So here’s what I did (which seems a little weird, but bear with me): I started a journal to keep track of my journal. I put a calendar page on the fridge, and every day when I write down what I eat without leaving anything out or skipping food that I want or adding calorie counts next to it (because oh, God, Crazy Bitch REALLY REALLY wants to add calorie counts, pleasepleasepleeeeeeeease), I mark off a day on the calendar page. It’s like my own internal “Fuck you” to the Crazy Bitch: See, here’s one more day where you DIDN’T RUN MY LIFE, GODDAMMIT. And you know, it helps. Because as I mark those days off, I see the string of them grow. Two days sane, 4 days sane, a week sane. It gives me a sense of accomplishment to keep Crazy Bitch quiet and losing the battles.
I’ve spent a lot of time avoiding doing things that I knew would cause her to re-emerge.
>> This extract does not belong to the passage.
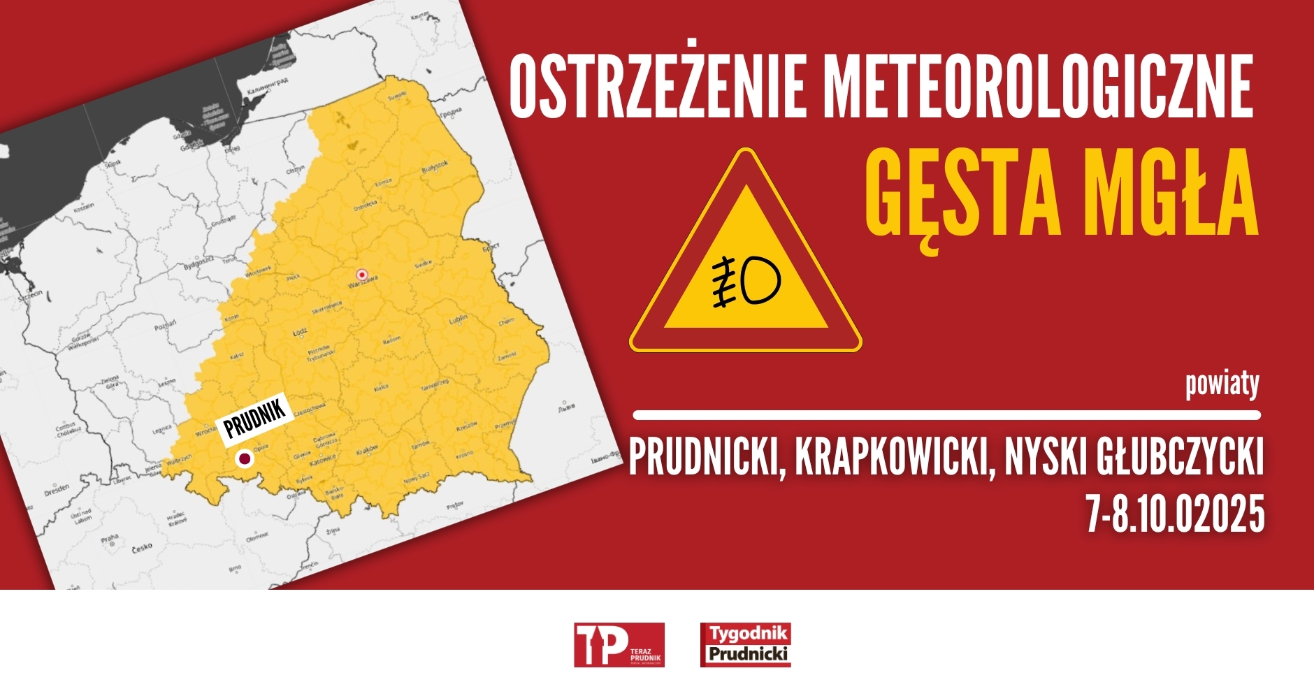 – Prognozuje się miejscami gęste mgły, w zasięgu których widzialność będzie wynosić poniżej 200 m – informują meteorolodzy. Ostrzeżenie dla powiatów: prudnickiego, krapkowickiego, nyskiego i głubczyckiego obowiązuje do wtorku, 7 października, od godz. 22.00 do środy, 8 października, do godz. 9.00.

And honestly, most of those things I wouldn’t choose to do on a day-to-day basis anyway (like keep a food journal), but still. The fact that even taking care of my own health involves (at this point) doing things that activate Crazy Bitch means that I’m reluctant to do those things, and with good reason.
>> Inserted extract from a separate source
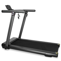 Беговая дорожка MERACH MR-T07 имеет складную конструкцию, что облегчает её хранение и перемещение благодаря транспортировочным роликам. Удобная подставка для планшета или смартфона позволяет заниматься с любимыми развлечениями, а USB-разъем для зарядки устройства обеспечивает дополнительный комфорт. Также предусмотрены сенсорные датчики на поручнях для измерения пульса, что позволяет контролировать состояние во время тренировки.

So in an odd way, I’m glad to see her: I’m looking at this as an opporutnity to dig her out of my psyche and evict her permanently, instead of just avoiding the things that I know will cause her to re-emerge. And there are things I still won’t choose to do on a regular basis (like food journaling), but that will be a much freer (and therefore stronger) choice because there won’t be the fear involved.
Pack your bags, Crazy Bitch. You don’t get to run my life anymore. I win, you lose, every damn day on that calendar page. Get out.